Più che speculazioni generali, ci piace però vedere che succederà nei settori che più interessano la nostrana esportazione. Ecco una breve e sintetica rassegna.
Contratti di vendita
Non cambia (e non cambierà) nulla. Già gli inglesi erano in splendido isolamento rispetto alla convenzione di Vienna 1980, la legge uniforme sulle vendite internazionali di merci condivisa da buona parte del mondo (94 paesi, inclusi tutti UE ad eccezione di Irlanda e Malta, guarda in po’…). Anche qui, si sa che pesa (ha sempre pesato) il ricordo dei clippers che arrivano dalle Indie occidentali carichi di tea e spezie. Non che lo Sale of Goods Act, ed in genere la legge inglese non abbiano tratti apprezzabili, anzi… ma la convenzione di Vienna andava ratificata e basta al di là delle ritrosie pur legittime sugli scostamenti rispetto alla common law (basti l’esempio dato di altri grandi paesi di common law, come gli Stati Uniti, fra i primi dieci a farlo, l’Australia poco dopo, il Canada…). Gli inglesi non l’hanno mai fatto e è da ritenere non lo faranno in futuro. Attenzione quindi se si compra o vende sub legge inglese: le regole possono divergere notevolmente da quelle cui ci si è oramai abituati facendo affari con buona parte del resto del mondo.
Contratti con concessionari di vendita, importatori esclusivisti, e simili.

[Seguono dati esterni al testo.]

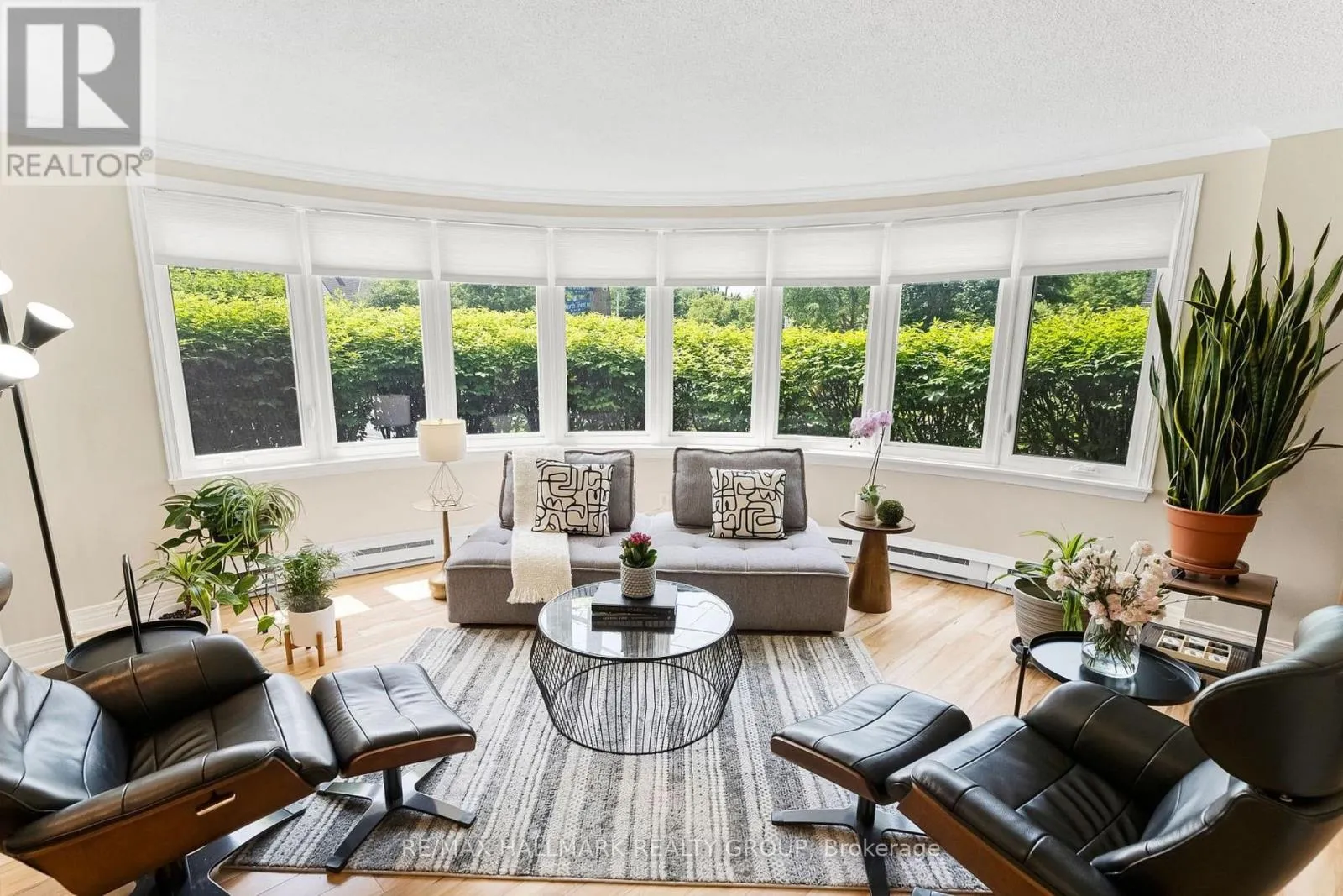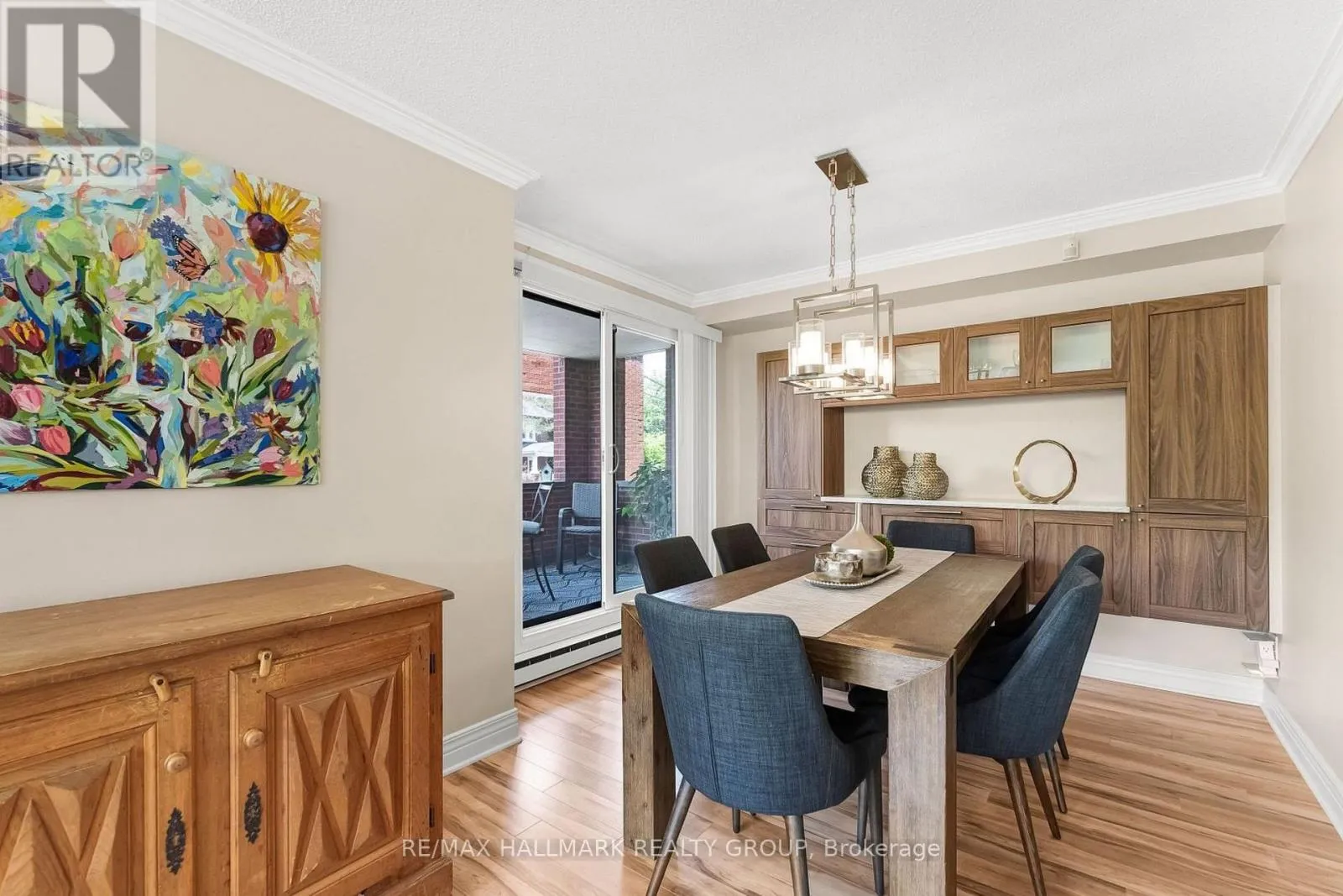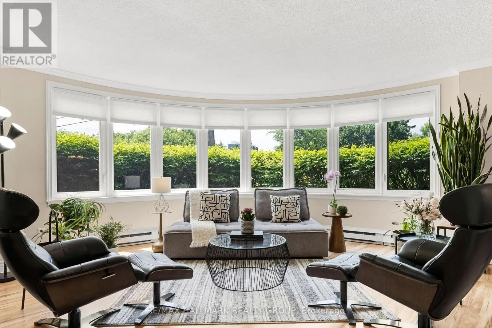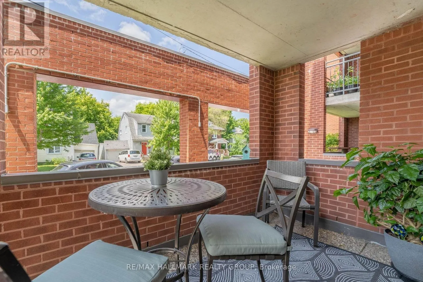 Cross Streets: Donald Street and North River Road. ** Directions: Property is on the corner of North River Rd and Donald St. Welcome to Unit 106 at 969 North River Road, a bright and well-maintained 2-bedroom, 2-bathroom ground-floor condo in a quiet, well-managed building steps from the Rideau River. This spacious layout offers an open living and dining area with large panoramic windows that bring in natural light, while mature landscaping adds privacy. The kitchen flows comfortably into the main living space, and both bedrooms are generously sized. Two full bathrooms have updated glass shower doors and added storage. Recent improvements include fresh paint, newer appliances, an owned hot water tank, and a replaced furnace and A/C system for peace of mind. A standout feature of this home is the private patio, offering a rare amount of outdoor space for a condo in this location. Residents also enjoy access to a quiet inner courtyard cared for by the building's gardening committee. Rideau Gate is known for its strong management, underground parking, secure entry, elevator access, and exclusive storage lockers.This central location offers excellent walkability with quick access to the Rideau Sports Centre, Adà we pedestrian bridge, river pathways, and nearby parks. Transit is close and frequent, and Tremblay Station is about one kilometre away for VIA Rail and O Train service. Shops, restaurants, and everyday amenities are within a short walk. A well-kept home in a connected, convenient setting. Book your showing today. (id:27476)
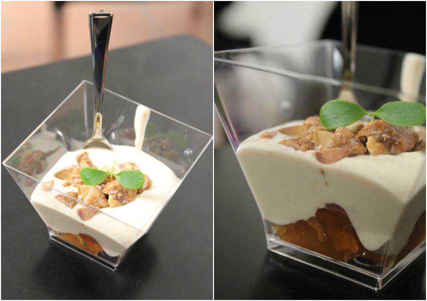 Mientras esperábamos que nos llamasen para nuestra sesión de cocina podías comprar tapas (una de salmón, otra de sobrasada y huevo de codorniz frito, y la ultima de lechona y foie), todas muy buenas, para amenizar el estómago en la espera.Empezamos la ruta con Igor del restaurante Ummo que nos preparó un "Yogur de foie, mermelada de calabaza y manzana y almendras garrapiñadas". Una combinación de sabores muy buena.

Pure qui, per quanto attiene i rapporti contrattuali, non cambia nulla. Manca infatti un modello legale ‘europeo’ da cui divergere. Le cose stanno invece diversamente per quanto attiene la normativa sulla concorrenza, che in contratti del genere entra in gioco data la frequenza di clausole che restringono il territorio, assicurano esclusive, ecc. Nella UE il riferimento è alle regole sui c.d. accordi verticali (reg. 330/2010, detto VABER Vertical Agreement Block Exemption Regulation, oggi in fase di revisione). In UK si parla di un VABEO (Vertical Agreements Block Exemption Order) di prossima adozione che tendenzialmente e concettualmente si rifarebbe al VABER, ma presenterebbe alcune peculiarità nel senso di dare maggior controllo al concedente. Vedremo…
Contratti con agenti
Qui le cose cambieranno, probabilmente, anche se probabilmente solo nel lungo periodo. Non pare infatti per nulla urgente modificare l’assetto attuale, che è basato sulle Commercial Agents Regulations 1993 (adottate a seguito della direttiva comunitaria del 1986).
Società
Cadono ovviamente i vincoli di conformarsi alle direttive UE e vengono meno tutte le facilitazioni previste per società appartenenti all’area EEA (in primis in tema di libero stabilimento, nomina e libera circolazione degli amministratori, ma anche in tema di fusioni e insolvenza). Per quanto riguarda l’architettura societaria, l’impatto Brexit rischia comunque di esser essere notato solo nel lungo termine. Già sotto il regime UE, le società UK avevano mantenuto molte delle loro tradizionali specificità.
Proprietà intellettuale, marchi, brevetti, design, …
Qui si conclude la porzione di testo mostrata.